WHAT YOU NEED TO DO: Nothing but an exact copy is asked for: the lines in the material below from the one with "This is a license" through the one with "Cabopino: Beautiful terraced", pictures excluded.

DATA:
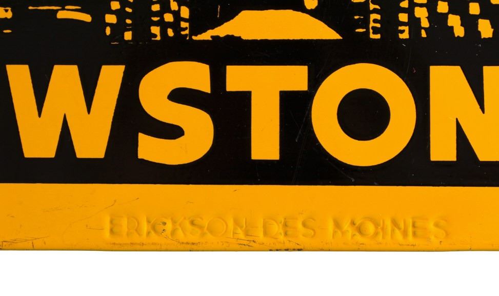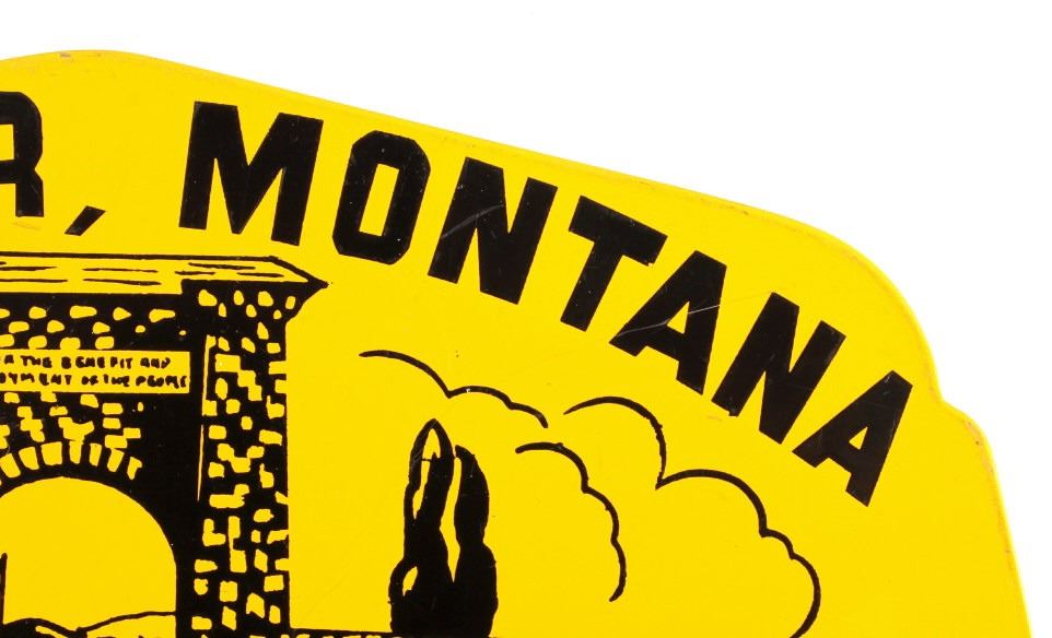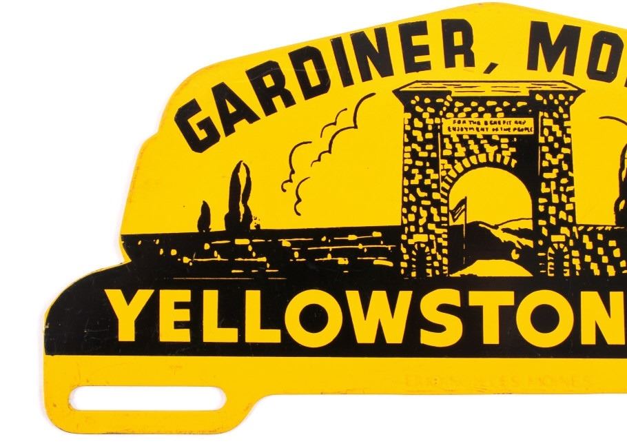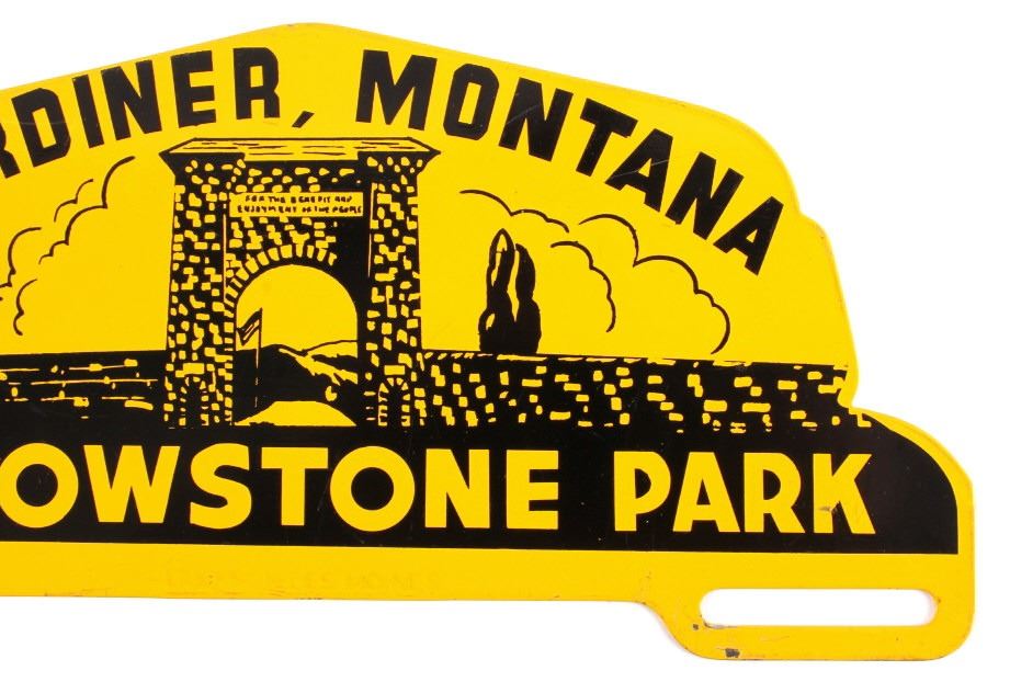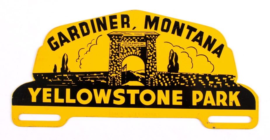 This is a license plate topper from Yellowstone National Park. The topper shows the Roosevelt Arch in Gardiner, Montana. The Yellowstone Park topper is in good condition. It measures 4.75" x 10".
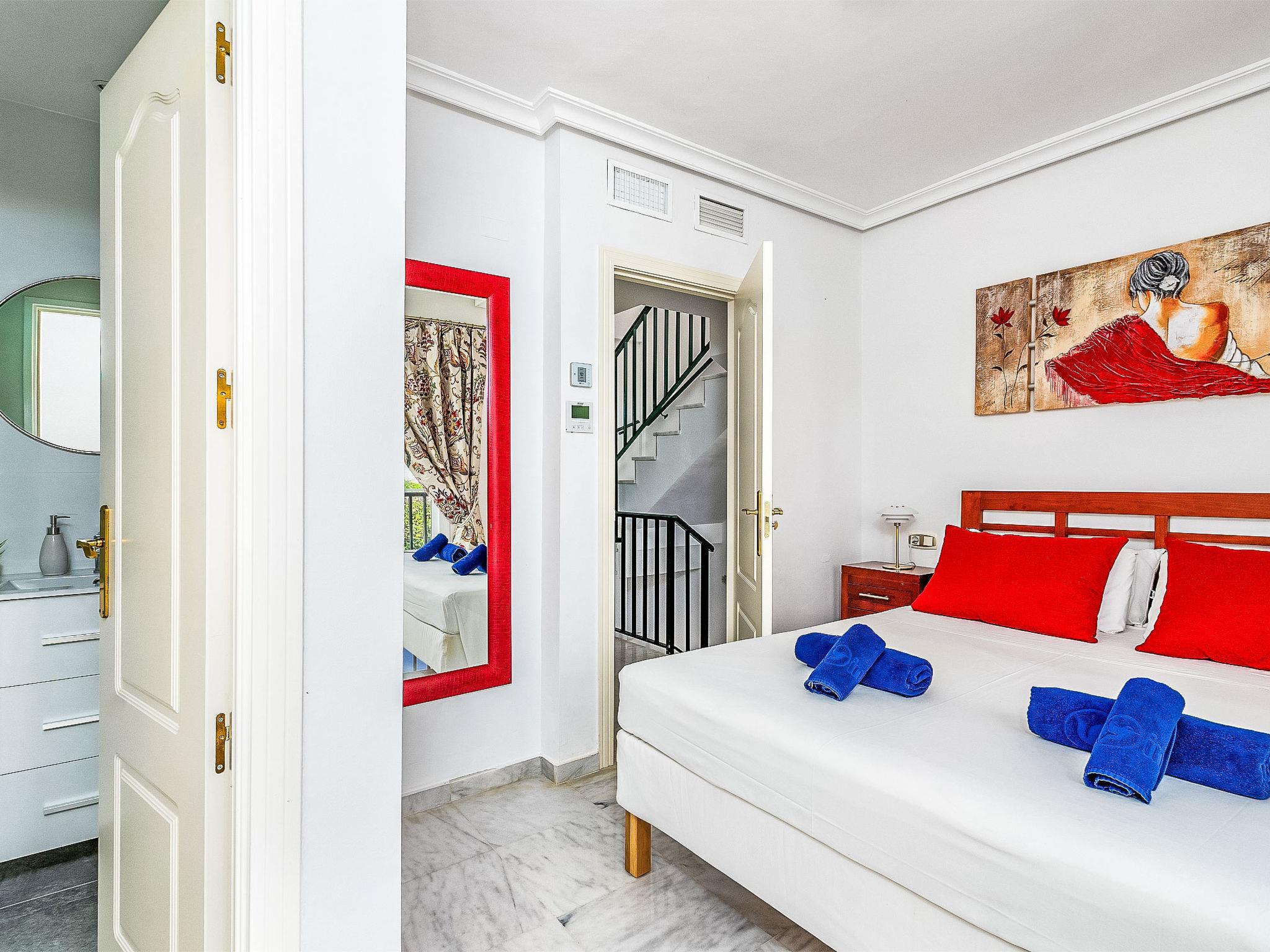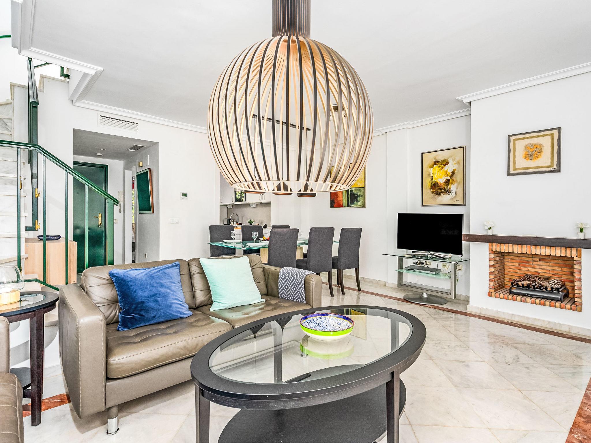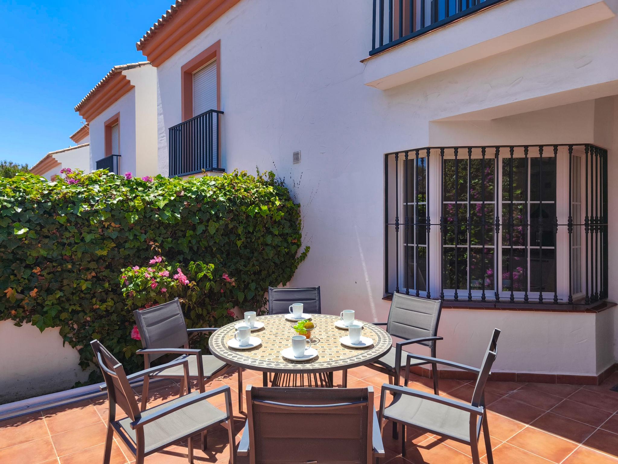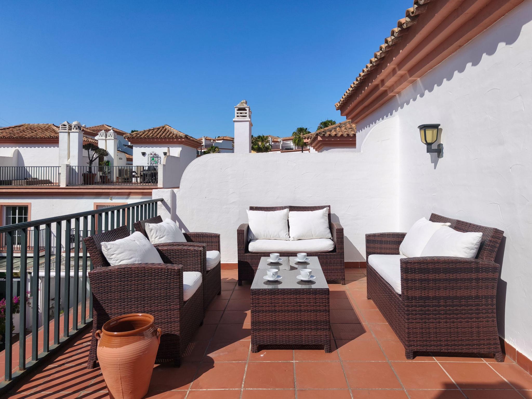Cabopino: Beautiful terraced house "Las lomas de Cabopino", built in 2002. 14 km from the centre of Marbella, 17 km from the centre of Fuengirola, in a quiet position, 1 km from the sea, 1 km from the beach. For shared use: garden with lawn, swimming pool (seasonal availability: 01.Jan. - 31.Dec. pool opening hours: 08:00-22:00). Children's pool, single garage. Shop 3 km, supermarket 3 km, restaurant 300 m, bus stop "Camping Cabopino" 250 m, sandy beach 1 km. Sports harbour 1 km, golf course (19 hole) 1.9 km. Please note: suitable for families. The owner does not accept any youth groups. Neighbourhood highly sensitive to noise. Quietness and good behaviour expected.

...

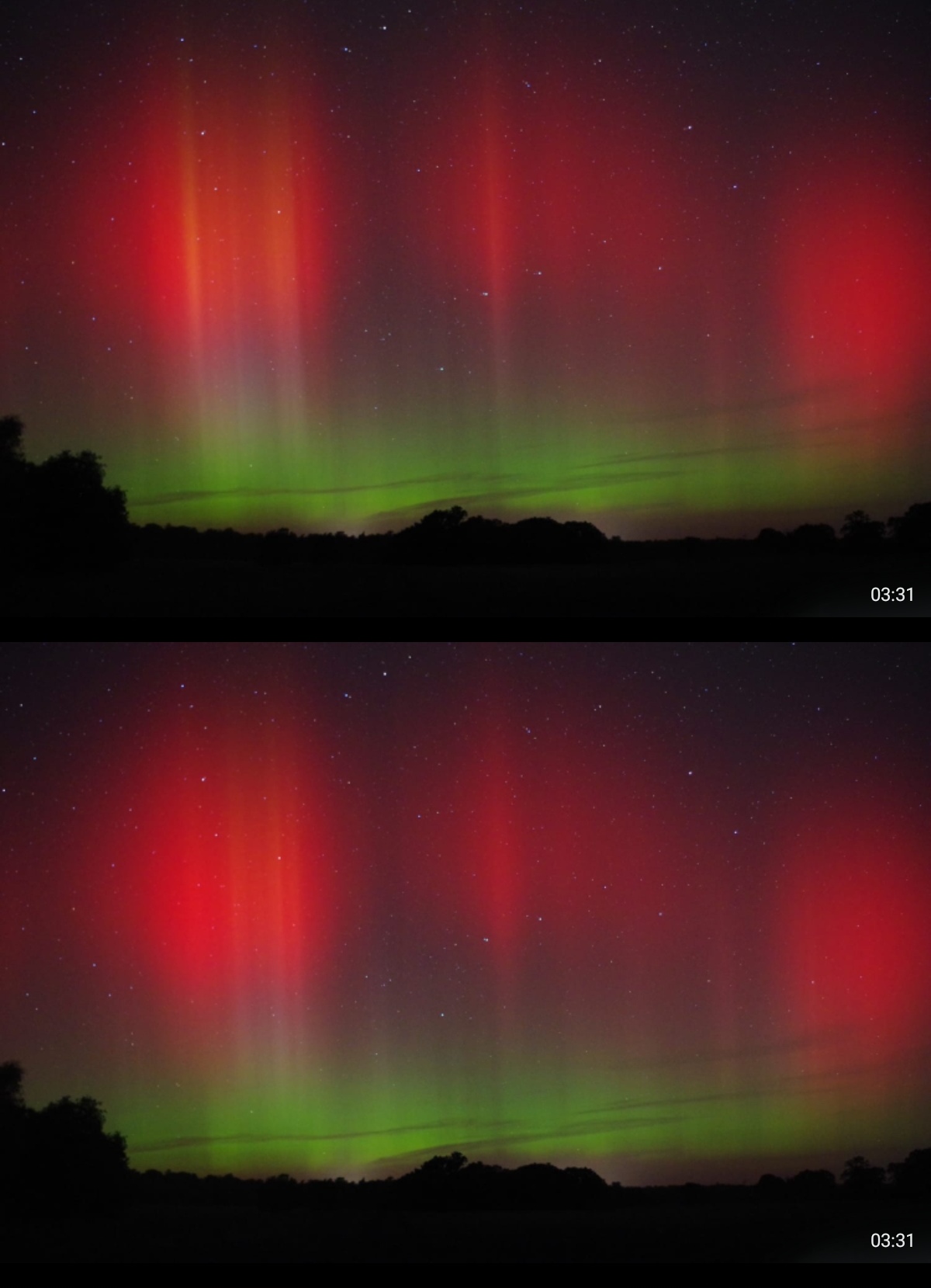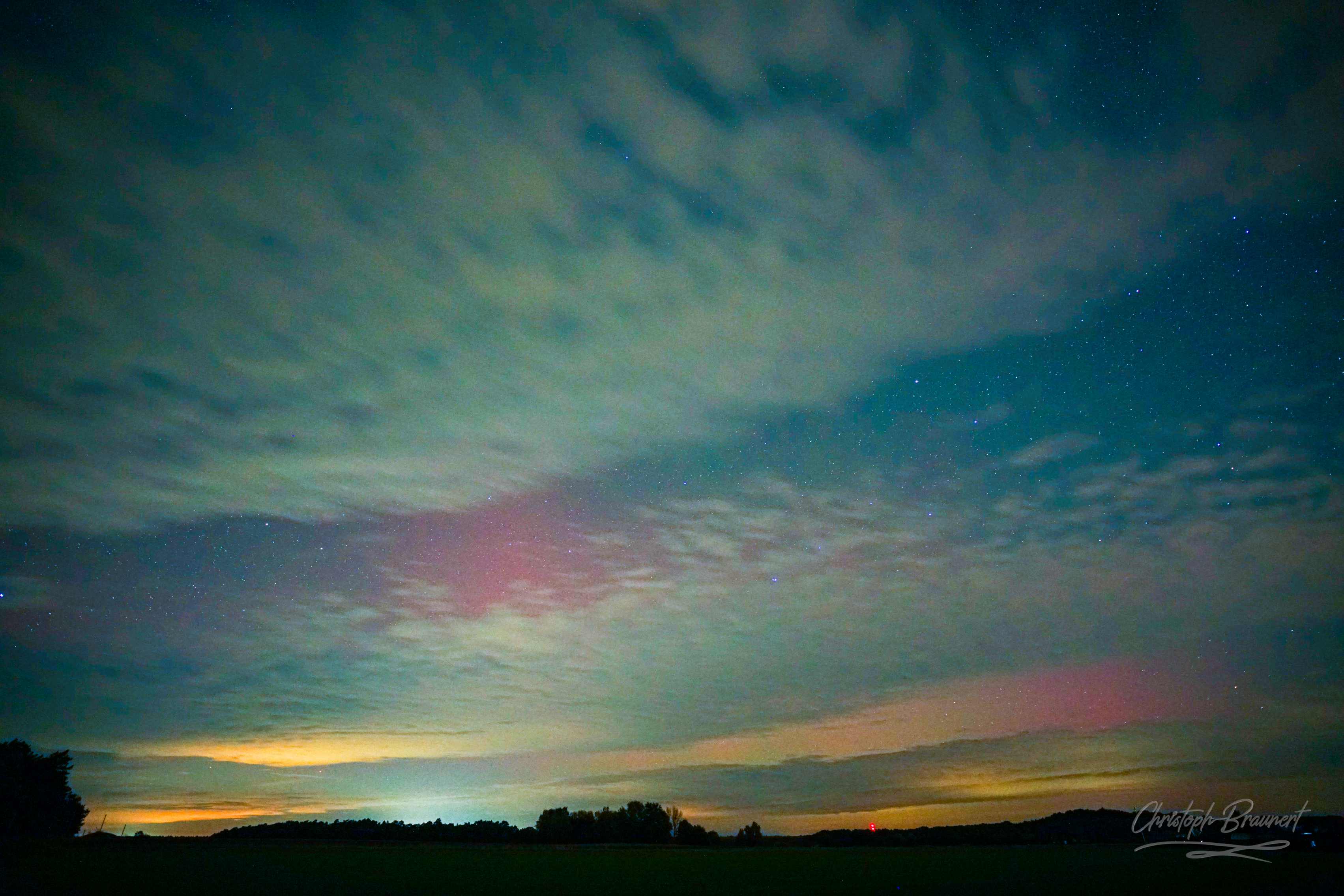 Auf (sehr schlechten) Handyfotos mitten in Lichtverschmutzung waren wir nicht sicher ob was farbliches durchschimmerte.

COMPLETED TASK:
 This is a license plate topper from Yellowstone National Park. The topper shows the Roosevelt Arch in Gardiner, Montana. The Yellowstone Park topper is in good condition. It measures 4.75" x 10".
Cabopino: Beautiful terraced house "Las lomas de Cabopino", built in 2002. 14 km from the centre of Marbella, 17 km from the centre of Fuengirola, in a quiet position, 1 km from the sea, 1 km from the beach. For shared use: garden with lawn, swimming pool (seasonal availability: 01.Jan. - 31.Dec. pool opening hours: 08:00-22:00). Children's pool, single garage. Shop 3 km, supermarket 3 km, restaurant 300 m, bus stop "Camping Cabopino" 250 m, sandy beach 1 km. Sports harbour 1 km, golf course (19 hole) 1.9 km. Please note: suitable for families. The owner does not accept any youth groups. Neighbourhood highly sensitive to noise. Quietness and good behaviour expected.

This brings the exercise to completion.